Renal Chloride Channel, CLCN5, Mutations in Dent's Disease
Abstract
Dent's disease is an X-linked renal tubular disorder characterized by low-molecular-weight proteinuria, hypercalciuria, nephrocalcinosis, nephrolithiasis, and renal failure. Patients with Dent's disease may also suffer from rickets and other features of the renal Fanconi Syndrome. Patients may have mutations in the X-linked renal chloride channel gene, CLCN5, which encodes a 746-amino-acid protein with 12–13 transmembrane domains. We have investigated the 11 coding exons of CLCN5 for mutations in eight unrelated patients with Dent's disease. Leukocyte DNA was used for the polymerase chain reaction amplification of CLCN5 and the products analyzed for single-stranded conformational polymorphisms (SSCPs). Abnormal SSCPs were sequenced and revealed eight mutations. These consisted of three nonsense mutations (Arg34Stop, Arg648Stop, Arg704Stop), four deletions involving codons 40, 86, 157, and 241, and one acceptor splice consensus sequence mutation tgcag → tgaag. The mutations were confirmed either by restriction endonuclease or sequence-specific oligonucleotide hybridization analysis. In addition, an analysis of 110 alleles from 74 unrelated normal individuals demonstrated that the DNA sequence changes were not common polymorphisms. All of the mutations predict truncated chloride channels that are likely to result in a functional loss. Thus, our findings expand the spectrum of CLCN5 mutations associated with Dent's disease and the results will help to elucidate further the functional domains of this novel chloride channel.
INTRODUCTION
DENT'S DISEASE, which is a disorder of mineral homeostasis that is due to renal tubular dysfunction, is characterized by low-molecular-weight proteinuria, hypercalciuria, nephrocalcinosis, nephrolithiasis, and eventual renal failure.1, 2 Dent's disease may also be associated with aminoaciduria, phosphaturia, glycosuria, kaliuresis, uricosuria, and impaired urinary acidification and is often complicated by rickets or osteomalacia. Thus, Dent's disease is a form of the Fanconi Syndrome.2, 3 However, the common occurrences of hypercalciuria, nephrocalcinosis, and kidney stones in Dent's disease and the unusual or rare association of these with the Fanconi Syndrome, are important differences between these two disorders. Dent's disease has features in common with X-linked recessive nephrolithiasis,4, 5 X-linked recessive hypophosphataemic rickets,6 and the idiopathic low-molecular-weight proteinuria of Japanese children.7 All of these four disorders have been shown to be due to inactivating mutations of the voltage-gated chloride channel gene CLCN5,8-12 and on the basis of the phenotypic similarities and the common genetic etiology these are collectively referred to as Dent's disease.9 The human CLCN5 gene, which is located on chromosome Xp11.22, has a 2238-bp coding sequence that consists of 11 exons which span 25–30 kb of genomic DNA and encode a 746 amino acid protein (Fig. 1).13, 14 CLCN5 belongs to the family of voltage-gated chloride channel genes (CLCN1-CLCN7, and CLCKa and CLCKb) that have ∼12 transmembrane domains.15 These chloride channels have an important role in the control of membrane excitability, transepithelial transport, and possibly cell volume.15, 16 Heterologous expression studies of wild-type CLCN5 in Xenopus oocytes have revealed that the channel, CLC-5, conducts chloride currents that are outwardly rectifying and time independent, and similar expression of disease associated CLC-5 mutants demonstrated markedly reduced or absent currents.8-10 To investigate further the functionally important regions of CLC-5, we pursued studies to characterize additional CLCN5 mutations in patients with Dent's disease.
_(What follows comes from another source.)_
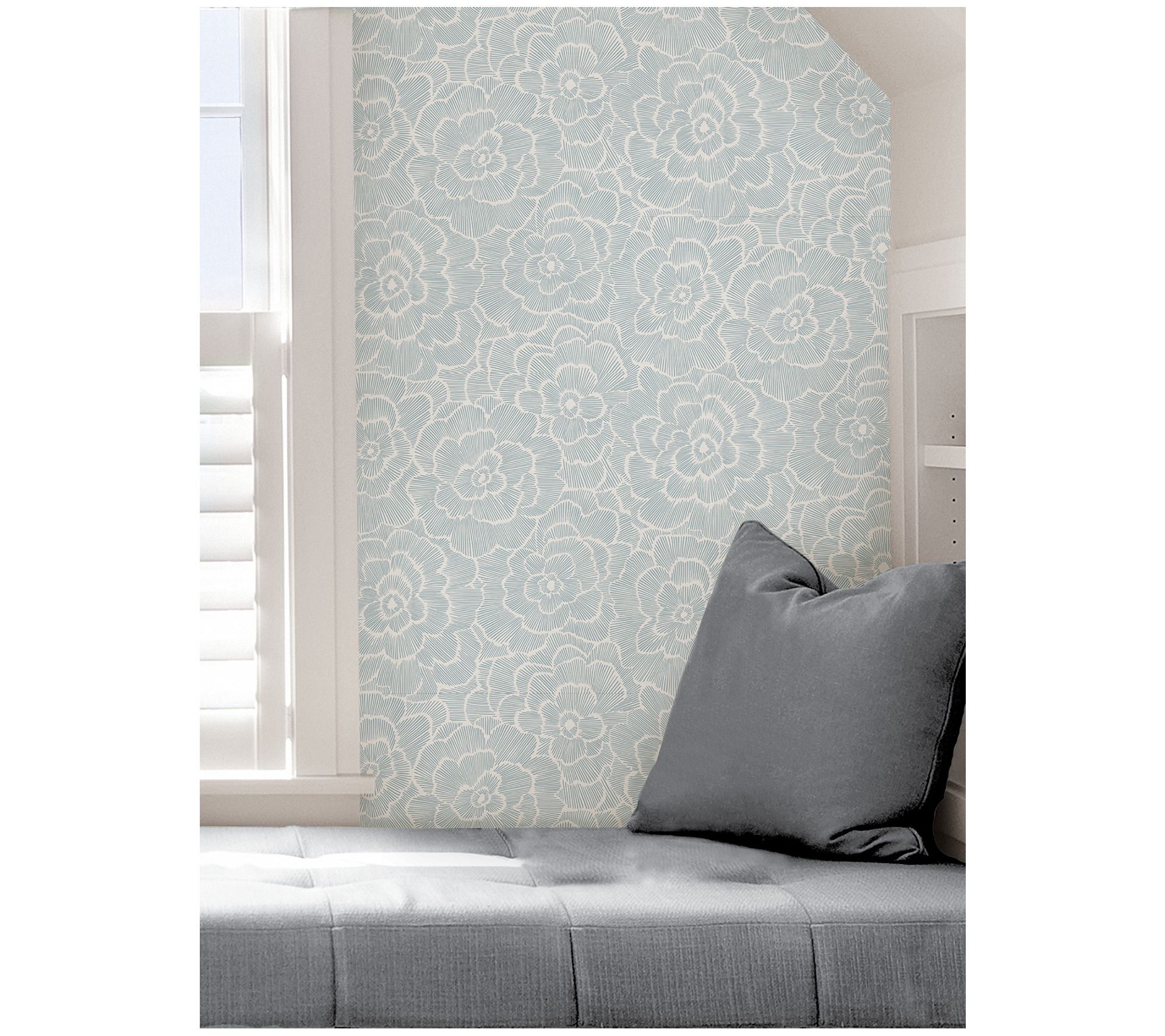Bring tranquil ambiance to your home with this Saraya blue peel-and stick-wallpaper. The white ink against a periwinkle backdrop creates a tactile look, making the flowers appear to burst onto your walls. Perfect for rental or home decorating, this wallpaper is easy to apply and remove without leaving behind sticky residue. From NuWallpaper.

Schematic representation of CLCN5 mutations within the framework of the predicted topology of CLC-5,8 which consists of 746 amino acids.14 The correct topology of the CLC-5 putative transmembrane domains (D1-D13) is not established, and the representation is based upon the previously reported model (inset).16 The consensus phosphorylation and glycosylation sites are indicated by the asterisks and branch sites, respectively. The eight mutationsa (Arg34Stop (R34X), Arg648Stop (R648X), Arg704Stop (R704X), 40:del A, 86:del A, 157:del TT, and 241:del AG, and the loss of D3-D4 (open arrowheads) due to the acceptor splice consensus site mutation tgcag → tgaag) detected by the present study (Table 2) are indicated in bold. Of the 45 CLCN5 mutationsb reported from previous studies,8-12, 28-30 28 are shown and 6 of these have been observed to occur more than once; in addition, there have been reported 2 large deletions encompassing the entire CLCN5 gene,8, 11 2 small intragenic deletions,8, 28 and 3 splice-site mutations,8, 29 which are not shown.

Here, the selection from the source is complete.